Estamos estreando a coluna “Estante Cultuve” com muita alegria. Quando recebi o convite de Valquíria Imperiano, presidente da Cultive Litteraturé, Art Solidarité

(Associação Cultive, Literatura, Arte e Solidariedade), já imaginava o desafio que viria pela frente. A Cultive, além de estar muito presente no cenário cultural internacional – sua sede é em Genebra -, tem o mérito de reunir artistas e ativistas culturais de grande talento e reconhecimento internacional, então, honrar essa função de colunista para a Revista Cultive só poderia exigir o melhor de mim. Decidimos trilhar um caminho que tanto vai ao encontro dos princípios que norteiam as atividades na Cultive, associação, como reafirma na revista o perfil construído com rigor e competência que na divulgação de valores estéticos e personalidades do campo cultural, englobando todas as linguagens. A partir disso, a coluna trará a cada edição uma resenha crítica de uma obra literária de um cultivador ou cultivadora e eventualmente entrevistas exclusivas concedidas à colunista, por ocasião de pesquisas ou eventos.

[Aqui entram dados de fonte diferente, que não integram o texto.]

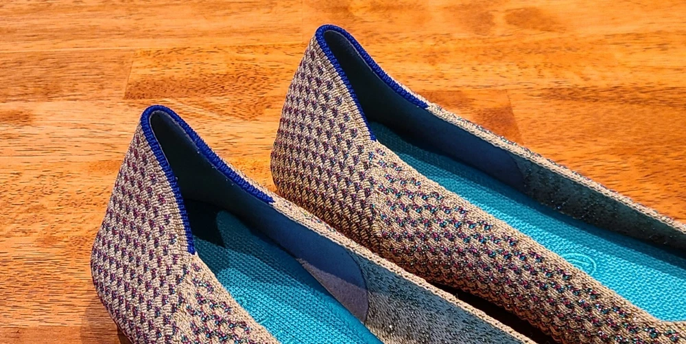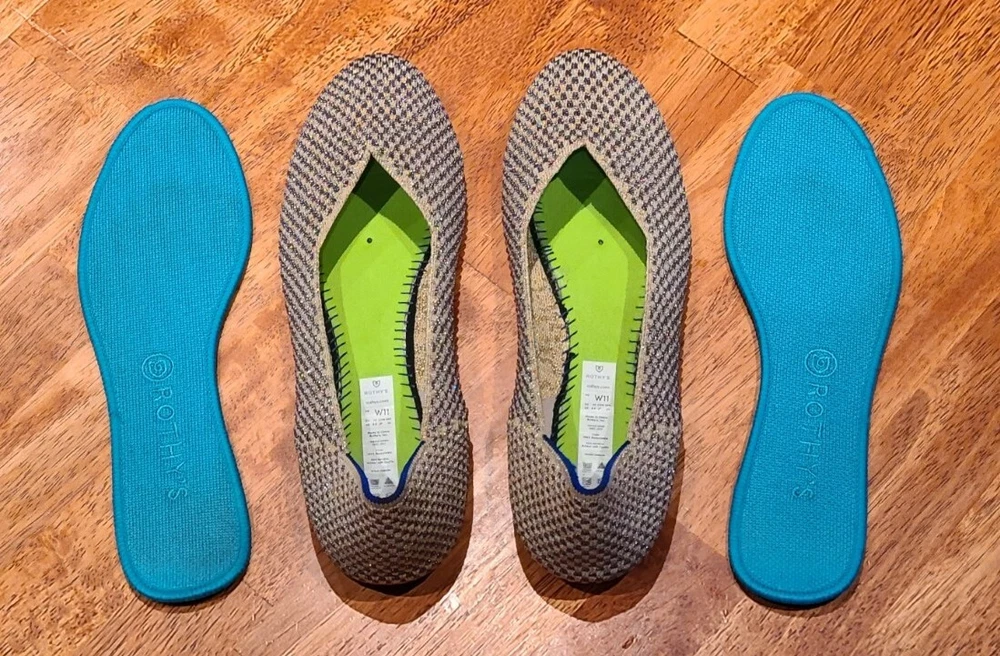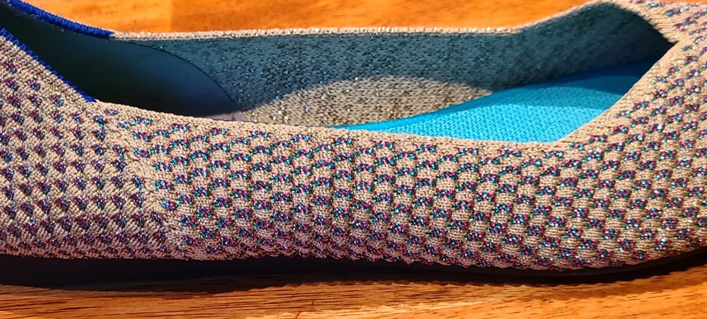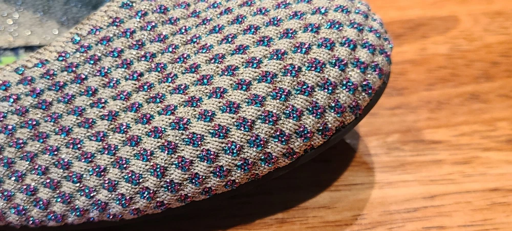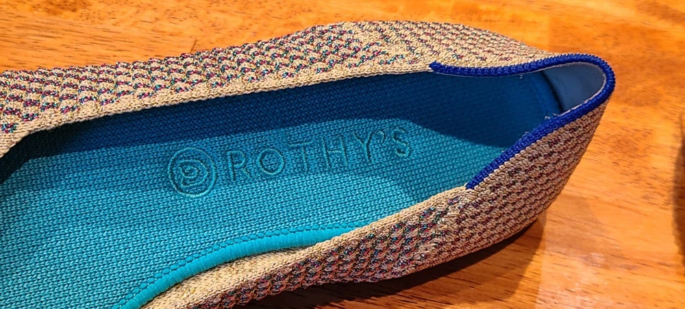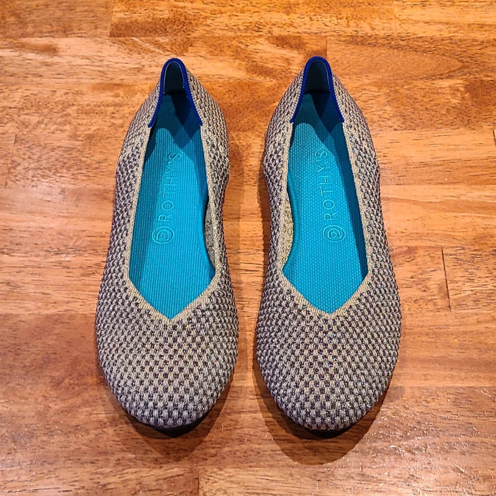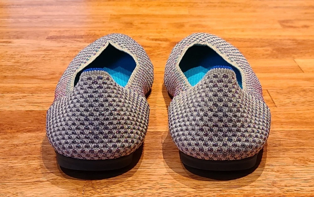 Preowned Rothy's Rounded Toe Flats Cyber Monday Holiday Limited Edition Multi Metallic Sparkling Slip-On Shoes. Size is 11. Shoes are in excellent condition. See photos.
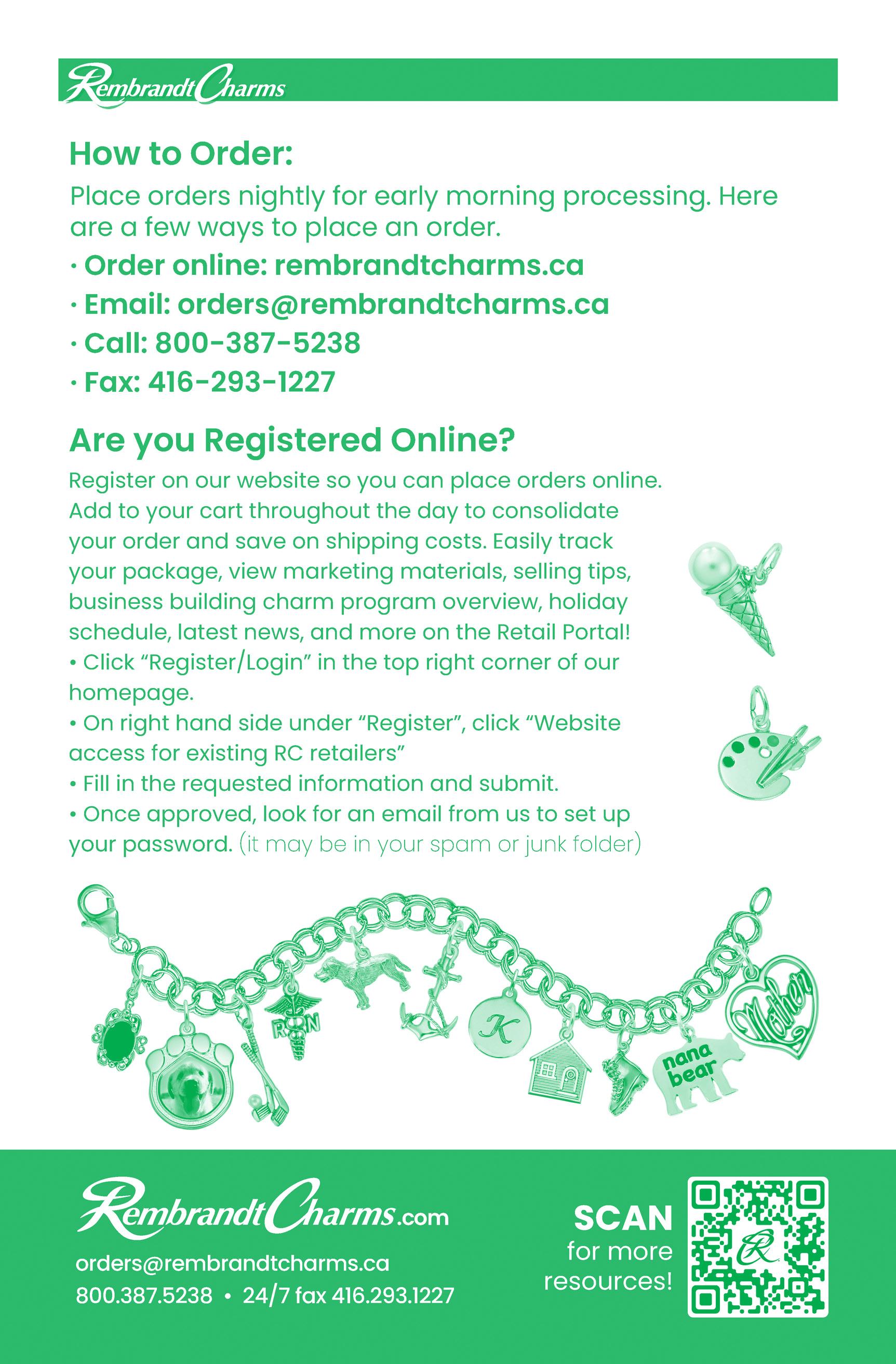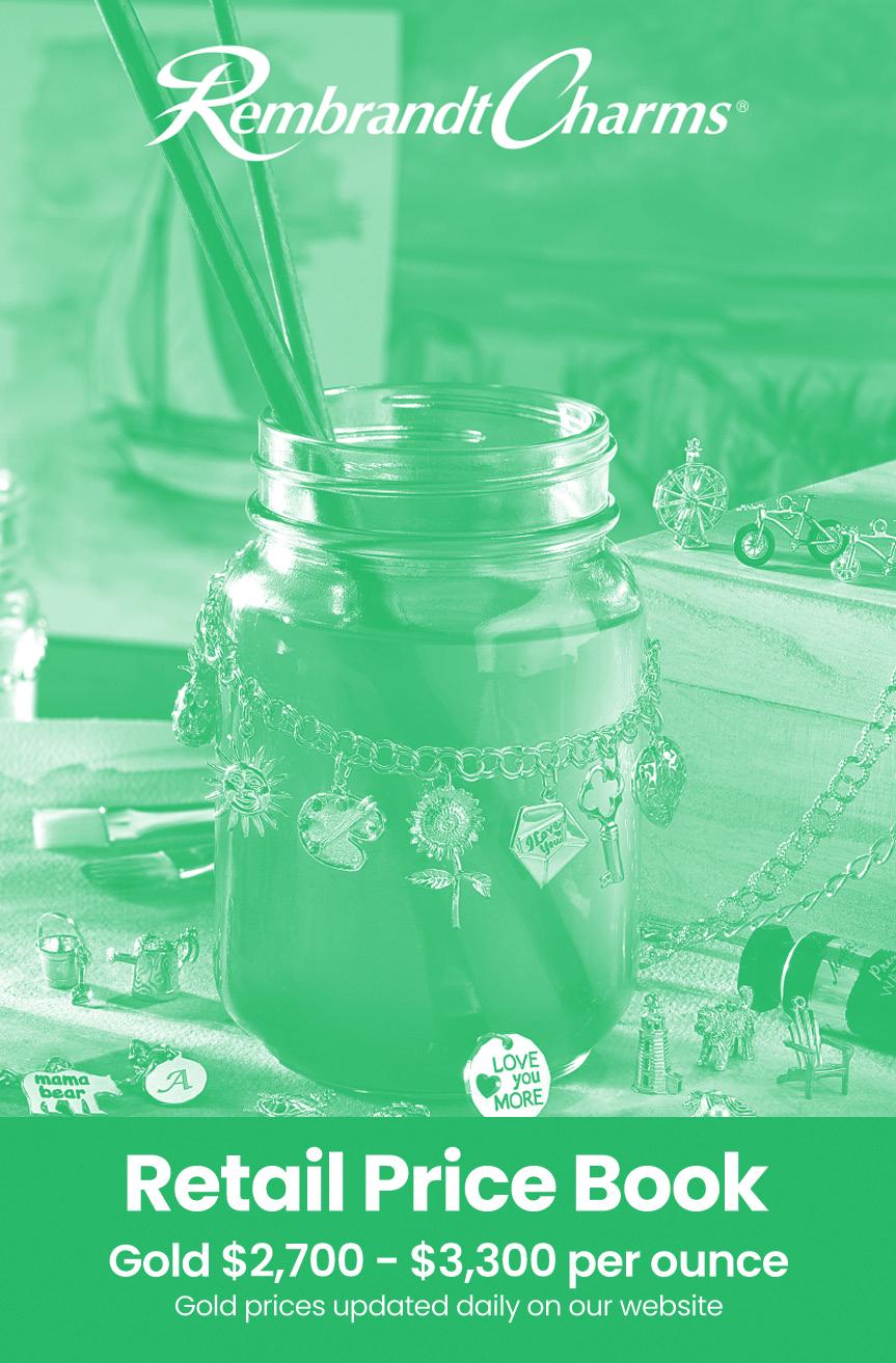 EMAIL orders@rembrandtcharms.ca CUSTOMER SERVICE 800.387.5238 ONLINE* RembrandtCharms.ca *Only Retail Jewelers can purchase from our website after registering. FAX 24/7 416.293.1227 GOLD SURCHARGES All prices subject to change. We reserve the right to make corrections in this book. Gold prices are updated daily on our website. PB050624 Prices effective 05/06/2024. $3,450.01 - $3,525.00 +9% $3,375.01 - $3,450.00 +6% $3,300.01 - $3,375.00 +3% $2,700.01 - $3,300.00 +0% $2,625.01 - $2,700.00 -3% $2,550.01 - $2,625.00 -6% Ordering Information

O gênero textual “resenha crítica” tem como objetivo principal apresentar uma obra artística, um 80 Revue Cultive - Genève evento (objeto apreciado) ou um acontecimento estético ou cultural de maneira resumida com apreciação técnica e autoral. e, no caso, preferencialmente, literária. É um convite à leitura. O termo crítica tem sua ligação mais íntima com a etimologia. Segundo o filósofo Emanuel Carneiro Leão (UFRJ) em Aprendendo a Pensar: "Etimologicamente, crítica provém do verbo grego krinein, cujo primeiro sentido é ‘separar para distinguir' o que há de característico e constitutivo. Essa separação distinta se exerce, remontando à ordem dos fundamentos constituintes e por isso elevando-se a uma ordem superior, à originária”.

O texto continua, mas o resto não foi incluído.